Liang Xinglong, Han Luyi, Zhang Xinlin, Li Xinnian, Sun Yue, Tong Tong, Tan Tao, Mann Ritse
The Department of Radiology and Nuclear Medicine, Radboud University Medical Centre, Nijmegen, The Netherlands.
The Department of Radiology, The Netherlands Cancer Institute, Amsterdam, The Netherlands.
Med Phys. 2025 Jul;52(7):e17860. doi: 10.1002/mp.17860. Epub 2025 Apr 28.
Magnetic resonance imaging (MRI) is a crucial medical imaging technique that can determine the structural and functional status of body tissues and organs. However, the prolonged MRI acquisition time increases the scanning cost and limits its use in less developed areas.
The objective of this study is to design a lightweight, data-driven under-sampling pattern for fastMRI to achieve a balance between MRI reconstruction quality and sampling time while also being able to be integrated with deep learning to further improve reconstruction quality.
In this study, we attempted to establish a connection between k-space and the corresponding MRI through singular value decomposition(SVD). Specifically, we apply SVD to MRI to decouple it into multiple components, which are sorted by energy contribution. Then, the sampling points that match the energy contribution in the k-space, which correspond to each component are selected sequentially.
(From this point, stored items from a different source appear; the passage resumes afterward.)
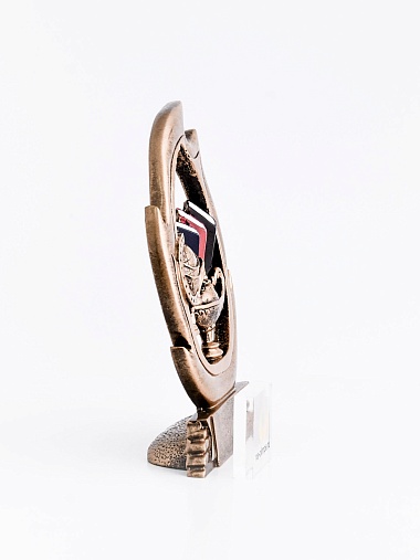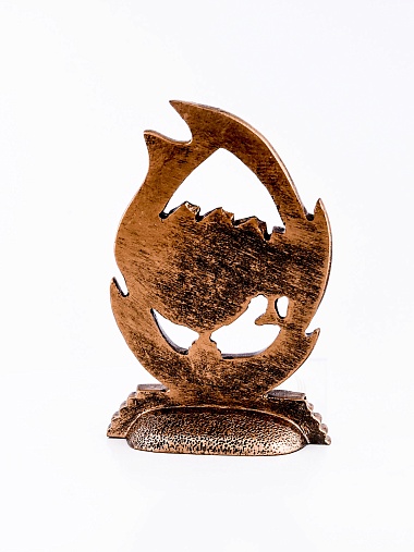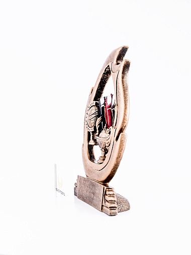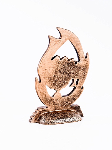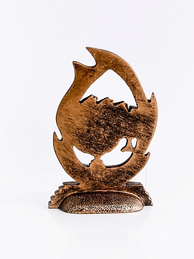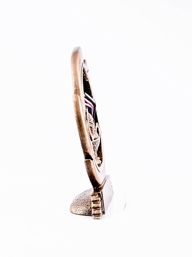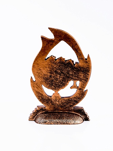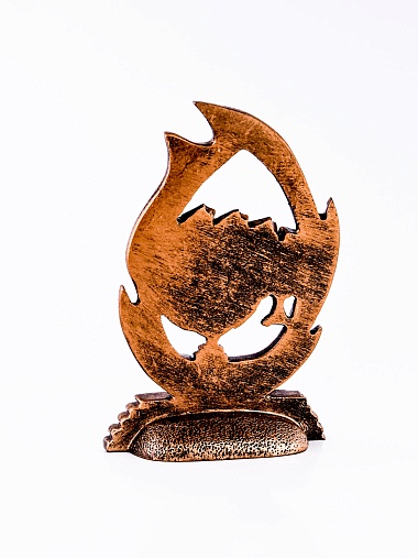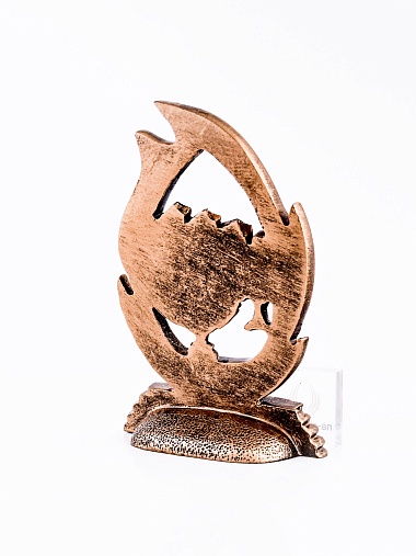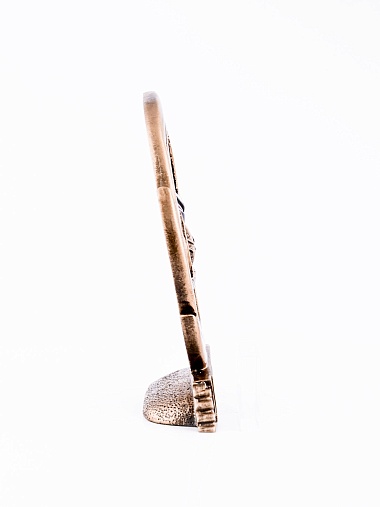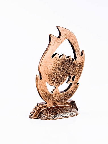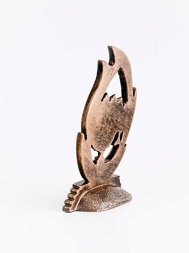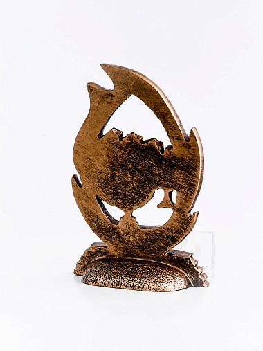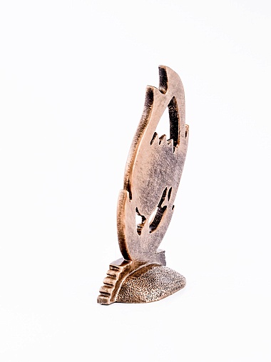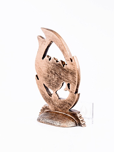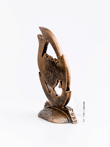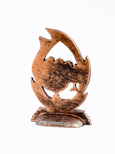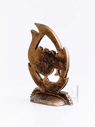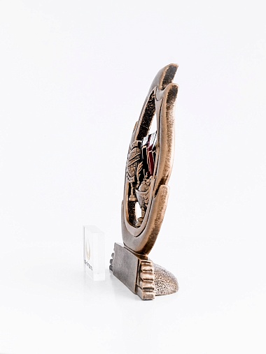 Литая фигура из металлизированного пластика на металлическом каркасе. Транспортировочная коробка в комплекте. Вес фигурки без коробки 250гр.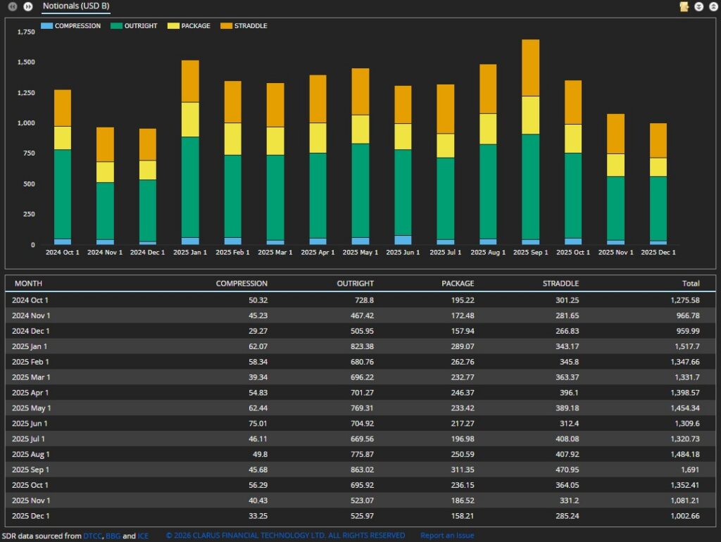 - Swaption compressions volumes (which are heavily driven by rates IM optimization) had similar notional volumes in Q4 2025 as those in Q4 2024 after jumping up in Q2 2025.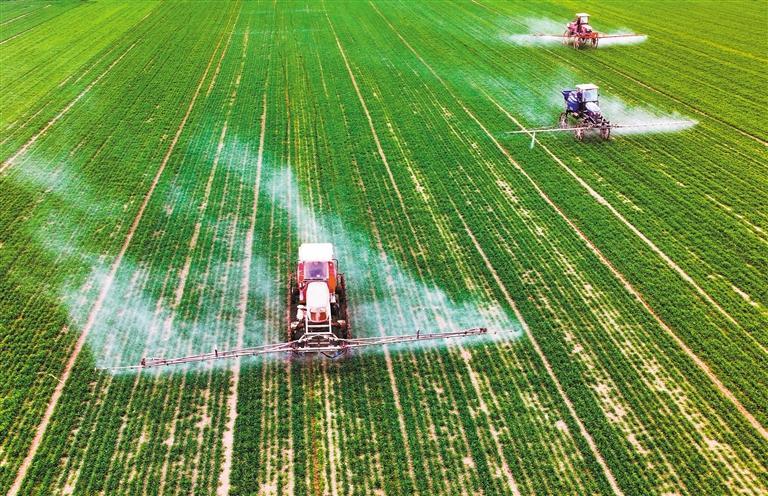 ▼2月18日,安徽省利辛县纪王场乡孙老家村,村民驾驶自走式高杆喷雾机对小麦进行喷洒作业。刘勤利摄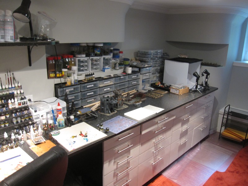 View of south wall with work area. Paint station on the left, terrain station in the middle and photo station on the right. Flames of War game in progress on central table.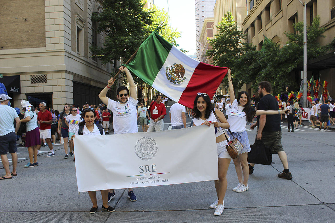 Seattle.- El pasado domingo 25 de junio se realizó el 43° Seattle Pride Parade. A pesar del calor que superó los 90°F, asistieron alrededor de 200,000 personas, de acuerdo con las cifras difundidas por la ciudad. Por primera vez, el Consulado de México en Seattle, identificado por una bandera tricolor, participó en Seattle Pride, con un contingente conformado por aproximadamente 20 personas, el cual incluyó personal del Consulado, familiares y miembros de la comunidad mexicana.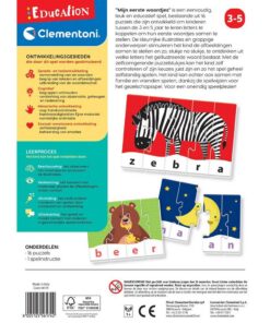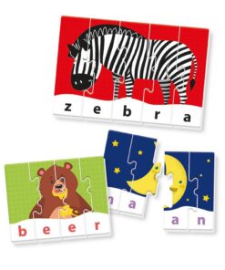 Een eenvoudig, leuk en educatief spel, bestaande uit 16 puzzels die zijn ontwikkeld om kinderen tussen de 3 en 5 jaar te leren letters te koppelen om hun eerste woordjes samen te stellen.De kleurrijke illustraties en grappige onderwerpen stimuleren het kind de afbeeldingen samen te stellen en zo, stukje na stukje, te ontdekken uit welke letters het geïllustreerde woord bestaat. Met de zelf corrigerende puzzelstukjes kan het kind zelf controleren of zijn keuzes juist zijn en zo het spel geheel zelfstandig spelen. Het kind kan echter ook samen met familie en vrienden spelen, dankzij de spelwijzen voor het gezellschapsspel. Voor een oneindig speelplezier.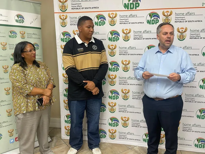Home Affairs minister Leon Schreiber describing the significance of the ID of !Khūboab Lawrence, the first with special characters. Next to Lawrence is his mother Lesle Jansen.
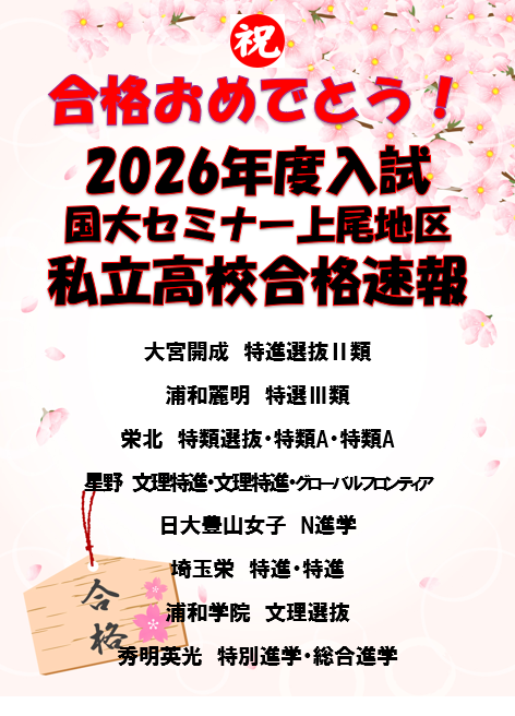 国大セミナー西上尾校 048-726-8191 担当:松野下

Finally, the sampling points obtained from all components are merged to obtain a mask. This mask can be used directly as a sampler or integrated into deep learning as an initial or fixed sampling points.
The experiments were conducted on two public datasets, and the results demonstrate that when the mask generated based on our method is directly used as the sampler, the MRI reconstruction quality surpasses that of state-of-the-art heuristic samplers. In addition, when integrated into the deep learning models, the models converge faster and the sampler performance is significantly improved.
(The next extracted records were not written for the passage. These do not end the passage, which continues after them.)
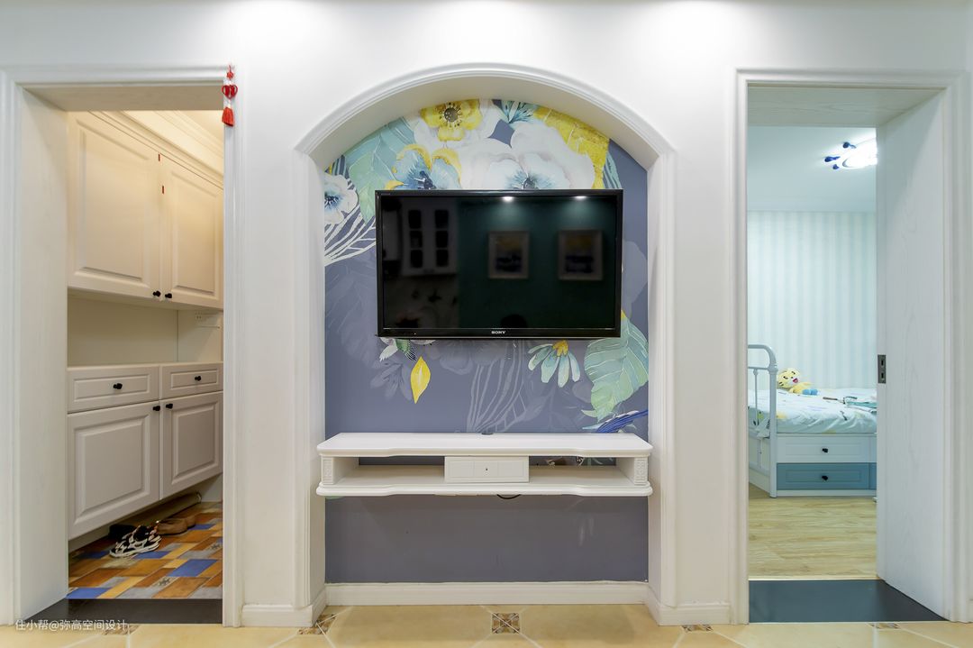 电视背景墙这原来是卫生间的门,我们调整了一下门的位置,自然形成了一个背景墙,做了个拱形的造型,配合整体风格,两边的门洞刚好有对称效果。→请忽略这故意挂高的电视和电视柜吧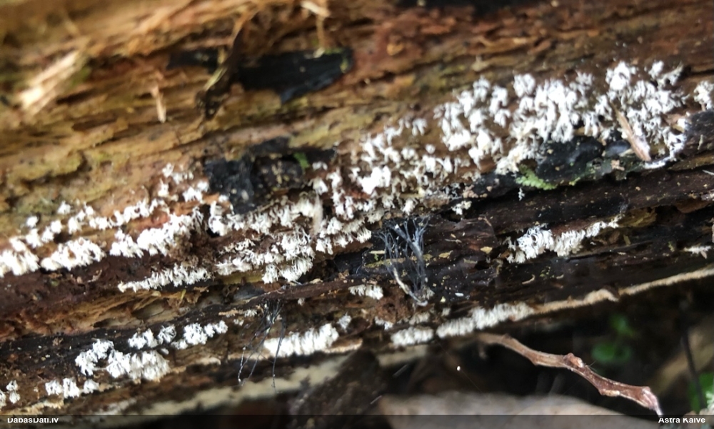 Satrūdējusi kritala mežā, nav dēļi. Iespējams, egle, jauktu koku mežs.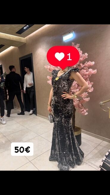 - Sjajna svečana haljina sirena kroja: crna sa srebrnim šljokicama po celoj površini, kratki volan-rukavi, ističe struk i prati liniju tela do proširenog ruba. Cena na slici: 50€.

The proposed lightweight data-driven sampling approach avoids time-consuming parameter tuning and the establishment of complex mathematical models, achieving a balance between reconstruction quality and sampling time.
磁共振成像(MRI)是一种关键的医学成像技术,能够确定身体组织和器官的结构与功能状态。然而,MRI采集时间过长会增加扫描成本,并限制其在欠发达地区的应用。
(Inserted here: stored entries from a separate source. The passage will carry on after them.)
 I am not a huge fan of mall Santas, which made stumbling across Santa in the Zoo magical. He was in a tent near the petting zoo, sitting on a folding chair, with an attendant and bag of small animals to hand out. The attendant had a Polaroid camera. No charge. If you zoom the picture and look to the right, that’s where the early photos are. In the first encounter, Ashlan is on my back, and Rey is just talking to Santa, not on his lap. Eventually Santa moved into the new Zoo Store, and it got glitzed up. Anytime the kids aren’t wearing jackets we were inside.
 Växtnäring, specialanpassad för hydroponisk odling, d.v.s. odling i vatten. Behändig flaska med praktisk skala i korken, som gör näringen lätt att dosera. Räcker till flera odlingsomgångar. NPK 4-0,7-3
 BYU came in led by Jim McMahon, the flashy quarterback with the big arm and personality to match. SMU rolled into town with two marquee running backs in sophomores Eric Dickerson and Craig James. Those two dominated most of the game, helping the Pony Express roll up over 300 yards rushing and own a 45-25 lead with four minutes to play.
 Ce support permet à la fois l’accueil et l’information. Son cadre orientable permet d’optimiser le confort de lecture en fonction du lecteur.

本研究的目的是为快速MRI设计一种轻量级、数据驱动的欠采样模式,以在MRI重建质量和采样时间之间取得平衡,同时还能够与深度学习相结合,进一步提高重建质量。
在本研究中,我们试图通过奇异值分解(SVD)在k空间与相应的MRI之间建立联系。具体而言,我们将SVD应用于MRI,将其解耦为多个分量,并按能量贡献进行排序。然后,依次选择k空间中与每个分量对应的能量贡献相匹配的采样点。最后,将从所有分量获得的采样点合并以获得一个掩码。这个掩码可以直接用作采样器,或者作为初始或固定采样点集成到深度学习中。
在两个公共数据集上进行了实验结果表明,当基于我们的方法生成的掩码直接用作采样器时,MRI重建质量超过了现有最先进的启发式采样器。此外,当集成到深度学习模型中时,模型收敛更快,采样器性能显著提高。
所提出的轻量级数据驱动采样方法避免了耗时的参数调整和复杂数学模型的建立,在重建质量和采样时间之间取得了平衡。